* _DIRECTIONS FOR THIS TASK_: Your job with the data below is to output exactly the lines from the one holding "餐具等各式調味瓶都在後方, 若需要分食碗或是兒童碗是自助式的自行拿取" down to the one holding "De acordo com", both included, and no others.

* _EXTRACTED RECORDS_:

========================================================================

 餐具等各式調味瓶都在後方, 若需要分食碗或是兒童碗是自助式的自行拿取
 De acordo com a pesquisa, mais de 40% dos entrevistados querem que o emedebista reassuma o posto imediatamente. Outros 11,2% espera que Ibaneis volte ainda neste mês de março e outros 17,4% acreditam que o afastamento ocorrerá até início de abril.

========================================================================

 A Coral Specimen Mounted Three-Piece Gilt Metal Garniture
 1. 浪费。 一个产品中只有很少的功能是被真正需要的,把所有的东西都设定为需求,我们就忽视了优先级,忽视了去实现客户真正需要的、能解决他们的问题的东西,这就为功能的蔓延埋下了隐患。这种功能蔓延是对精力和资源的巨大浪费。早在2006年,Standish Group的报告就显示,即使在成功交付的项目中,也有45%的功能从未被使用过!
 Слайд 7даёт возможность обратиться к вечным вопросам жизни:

========================================================================

* _SOLUTION FOR THIS EXERCISE_:
 餐具等各式調味瓶都在後方, 若需要分食碗或是兒童碗是自助式的自行拿取
 De acordo com a pesquisa, mais de 40% dos entrevistados querem que o emedebista reassuma o posto imediatamente. Outros 11,2% espera que Ibaneis volte ainda neste mês de março e outros 17,4% acreditam que o afastamento ocorrerá até início de abril.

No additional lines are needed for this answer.